Suppose that $p\in U\in\tau$, and let $V=U\cap Y$. Then $\varnothing\ne V\in\tau_Y$, so $Y\setminus V$ is closed in $Y$. Moreover, $Y\setminus V=X\setminus U$ is also closed in $X$, which is compact, so $Y\setminus V$ is compact. That is, every open nbhd of $p$ in $X$ is the complement of a compact, closed subset of $Y$. Thus, if $\tau'$ is the topology on $X$ that makes it a copy of the Alexandroff compactification of $Y$, then $\tau\subseteq\tau'$.
Now let $K\subseteq Y$ be compact and closed in $Y$, and let $V=Y\setminus K\in\tau_Y$. If $X\setminus K=V\cup\{p\}\notin\tau$, then $p\in\operatorname{cl}_XK$. If $X$ is Hausdorff, this is impossible: in that case $K$ is a compact subset of the Hausdorff space $X$ and is therefore closed in $X$. Thus, if $X$ is Hausdorff we must have $\tau=\tau'$, and $X$ is (homeomorphic to) the Alexandroff compactification of $Y$.

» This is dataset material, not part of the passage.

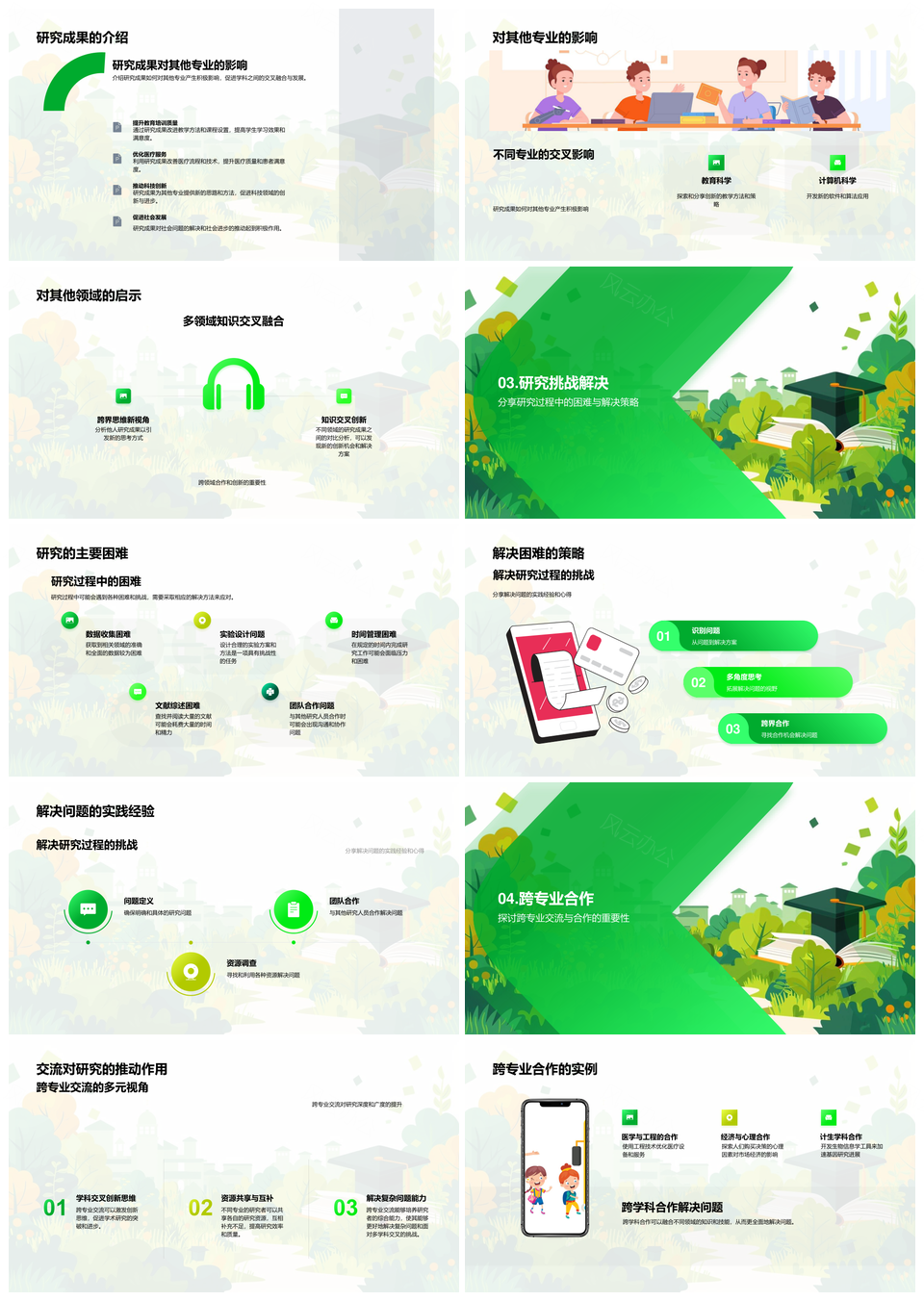 跨域合作学术答辩研究挑战攻关成果影响PPT模板推荐

If $X$ is not Hausdorff, however, we can have $\tau\subsetneqq\tau'$. A simple example is the sequence with two limits. Let $D$ be a countably infinite set, let $p$ and $q$ be distinct points not in $D$, and let $X=D\cup\{p,q\}$. Points of $D$ are isolated. Basic open nbhds of $p$ are the sets of the form $\{p\}\cup(D\setminus F)$ for finite $F\subseteq D$, and basic open nbhds of $q$ are the sets of the form $\{q\}\cup(D\setminus F)$ for finite $F\subseteq D$. Let $Y=D\cup\{q\}$. Then $Y$ is dense in $X$, and $X$ is compact, and $Y$ itself is a closed, compact subset of $Y$ whose complement is not open in $X$.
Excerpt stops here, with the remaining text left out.